Озеро чудесное. Сейчас, правда, сухо, далеко ушло, до глубины, наверное, километра два надо шагать. Во всяком случае, я так и не дошла. А купаемся в канале, для лодок прорытом. Да и его замывает. Вода мягкая и теплая. Ко мне тут сестренка Ирина приехала, так мы с ней по четыре раза купаемся. Стоит и пожинает плоды моей плавательной славы. Выпускает меня, как дрессировщица любимого тигра. «Ленка, а ну-ка пронырни!» Я набираю воздух в свои шестилитровые легкие и ныряю.

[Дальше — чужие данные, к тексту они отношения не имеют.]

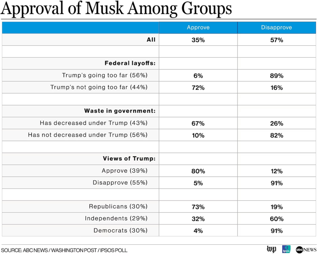 Elon Musk is well underwater in public views of his work for President Donald Trump, according to a new ABC News/Washington Post/Ipsos poll.

Устроились прекрасно. Уехала одна учительница, и мы получили собственную квартиру, правда, с одной кроватью. Двое у нас спят на сеновале, на свежем, пахучем сене. Бессменно Иришка и мы с Тийной[1775] по очереди. За стенкой – наши попечители – семья учительницы Островской. Они не местные, но уже прижились, луком торгуют, рыбу ловят, а она учительствует. Однако про местных говорят: они. Муж ужасный остряк. Из тех, кто не словом, а поведением, усмешкой острит. И пересказать нельзя. Но не балагур. Потоньше. Говорит: вон – парень пришел в парикмахерскую в Тарту. Ему: «Ну у тебя и шея!» А он с гордостью: «Мясо ем!» – «Не мясо, а мыть надо!»

Они нас тут приютили, все показывают, всему учат. Очень приветливы. И дети у них славные. Школа тут восьмилетняя и эстонский комплект – четыре класса. Очень трудно с языком. Тысячу раз поправишь, а они на тысячу первый опять: йон, йены. А то еще, как замаливают грехи, так не ходят в школу. Пришлось учительнице пойти к батюшке. Договорились: уж замаливать пусть замаливают, но только чтоб не в учебное время. На том и поладили.

Поразило громадное количество дебильных детей. В одном классе шесть человек. А во всей школе на 170 учеников – 17 дебильных. Пьют здесь много и родственные крови смешали. Вот и получается такое.